On the contrary, there is much that is mild, peaceable, comfortable, in the Turkish home. It has been one of the errors of the Western mind to deduce by logic from the social conditions present in the East all the evils of which they are capable. Such a method of reasoning and statement would be as far from the truth as it would be to deduce from monogamy all the blessings and happiness of which that state is capable, and to give the deduction for the fact! …

It may suffice to say that the Turks, of nearly all the nations that have accepted Islam, have proved to be its greatest defenders. Perhaps they are not more deeply imbued than are the Arabs, the Egyptians, and the North African races with the spirit and zeal of the faith; but the latter peoples do not prominently present themselves on the stage of modern history. Only the Turks have the strength and persistency to hold up the banners of Islam in a large place and to make it conspicuous. Only they are able to represent the doctrines of the Prophet as a great available force in modern society.
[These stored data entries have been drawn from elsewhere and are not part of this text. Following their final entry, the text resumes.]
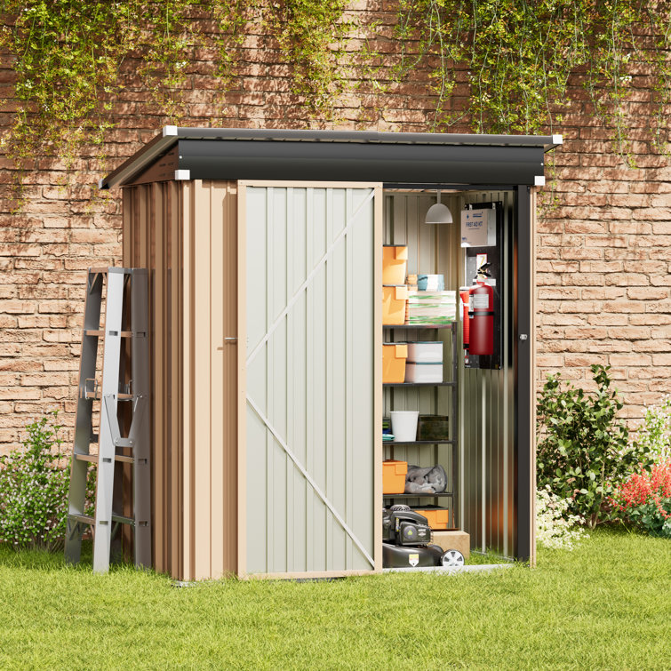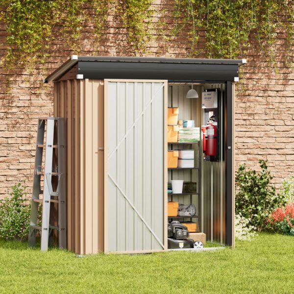 - Sloped Roof & Lockable Door for Your Convenience: This small but sturdy storage shed features an inclined slope roof to prevent rainwater from gathering and rust accumulation, while the pad-lockable door enhances safety and prevents small animals from entering.
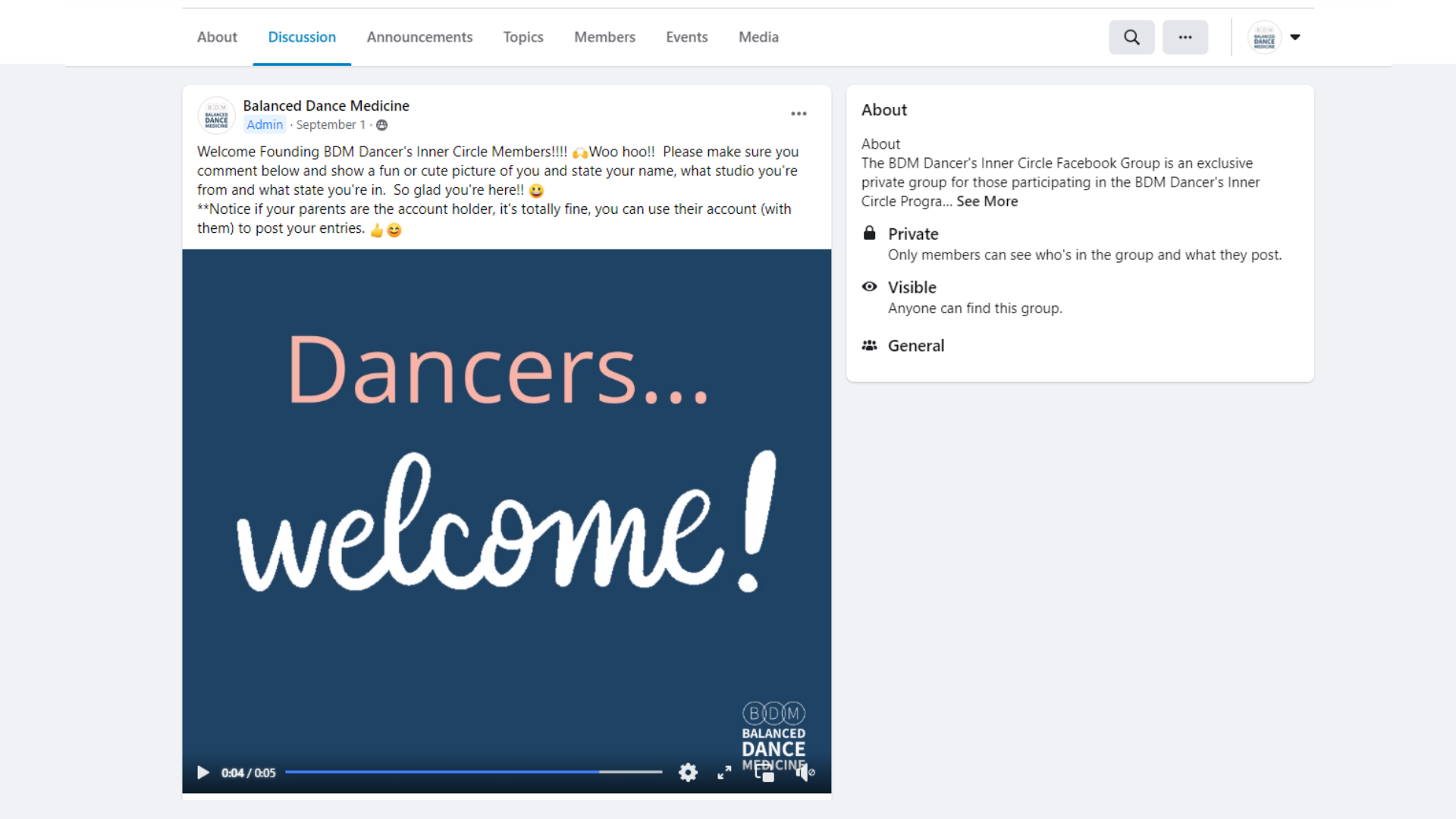 The BDM Dancer’s Inner Circle Facebook Group is an exclusive private group for those participating in the BDM Dancer’s Inner Circle Program. This is the perfect place to discuss your progress, share your performances and competition endeavors, ask your general questions you have about the training and things related to dance, and hang out with likeminded dancers!
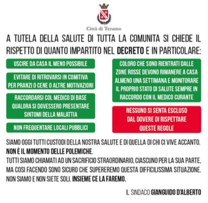 Teramo – Sebbene il Comune di Teramo non rientri nelle zone rosse decretate dal Governo, la straordinarietà dell’emergenza sanitaria che il Paese sta vivendo riguarda anche il nostro territorio e rende necessario rafforzare e coordinare i presidi istituzionali. Domani, con Ordinanza del Sindaco, sarà attivato il COC che in questa fase di pre-allerta avra le seguenti finalità:
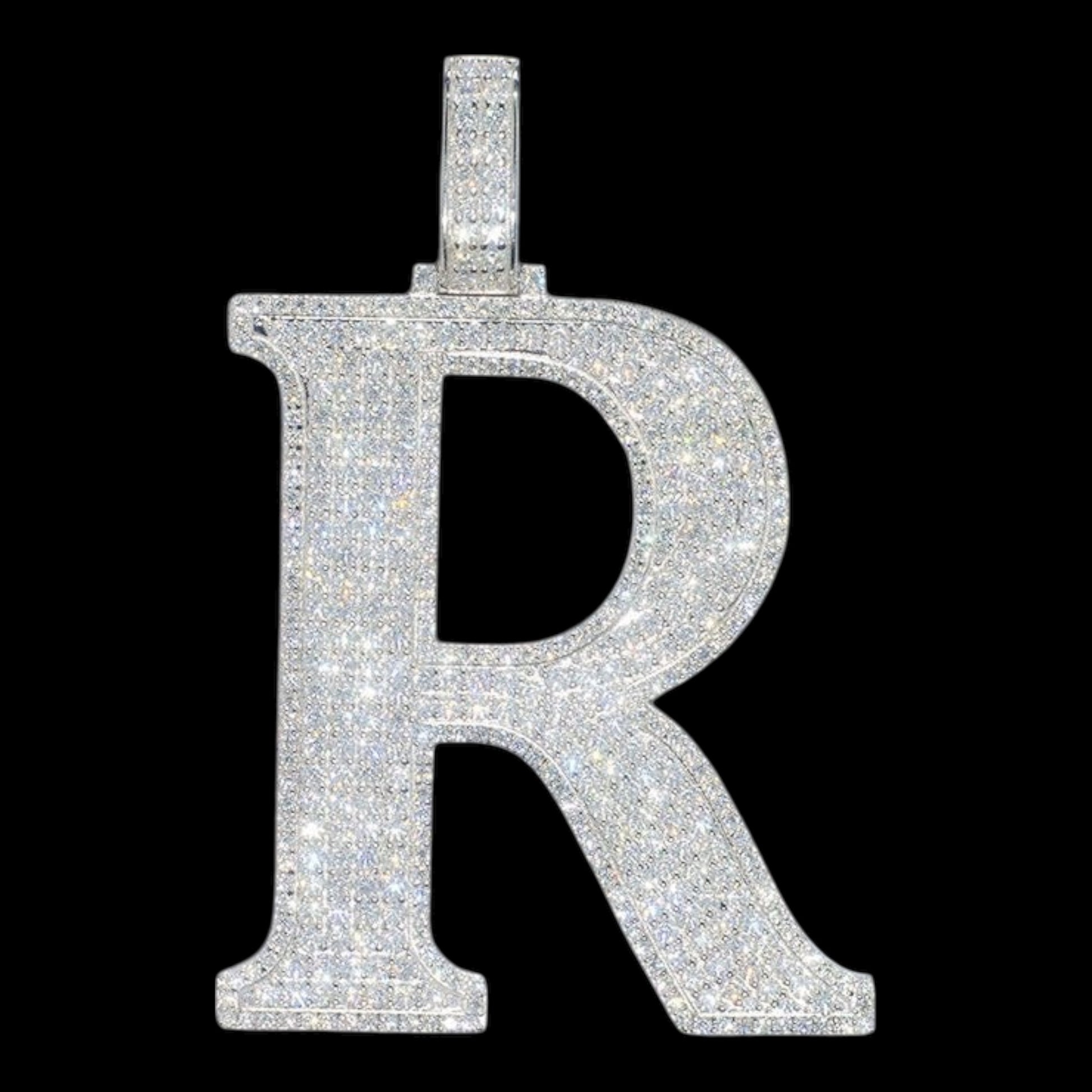 The face of the letter is micro pavé–set with VVS D-Color Moissanite, hand-set at controlled depth to maintain uniform surface height and consistent light return while minimizing exposed metal. Raised borders frame the letter to protect the pavé setting and preserve sharp definition during wear.

At this the reader may well fell some surprise; but a moment’s reflection will show that the fact referred to is not peculiar, but general. It is a common feature of religions that they begin among one people and end among another. They spread and diffuse themselves, losing ground in the lands of their origin, and again in a conquest of some powerful foreign race. Thus did Buddhism, losing everything in India, but regaining empires and foreign dominions beyond the Himalayas. Thus did Christianity, losing its place in Syria and the East, and regaining it in Rome. Thrown into the wreck and ruin by the downfall of empire, it then found refuge among the Barbarians, and finally selectd the English-speaking race as the vehicle of its strength and power in modern times. Thus did Islam, conquering the Turks, who were the conquerors of the Arabs, and ultimately giving into their charge the defense and promulgation of the prophet’s fame and doctrine. The mosque became the symbol of Ottoman civilization.

The domination of Islam has cost the Turkish race most dearly. Nearly all of the displeasing features which that race presents in modern times may be referred to the evil influence of Mohammedanism. It should be observed in this connection that the results of the acceptance of the doctrine of the Prophet by the Turks are very different from the corresponding results on the Arabs. Islam was suited to the Arabian genius, but it fell on the Turkish spirit like a paralysis. The energy of the race has been abated by it. At the present time not only the Turkish mind, in a large sense, but every Turkish enterprise is held in thrall by the iron bands of Islam. But for this, the genius of the Turks might display itself with a brilliancy which would light the Eastern Mediterranean, and but for this the civil life of the people might project itself without offense into the history and diplomacy of Europe and America.


[Excerpt from John Clark Ridpath, Ridpath’s History of the World (Cincinnati: The Jones Brothers Publishing Company, 1899), vol IV, pp. 286-290, 307. My thanks to Bill Larsen for giving me a copy of this book.]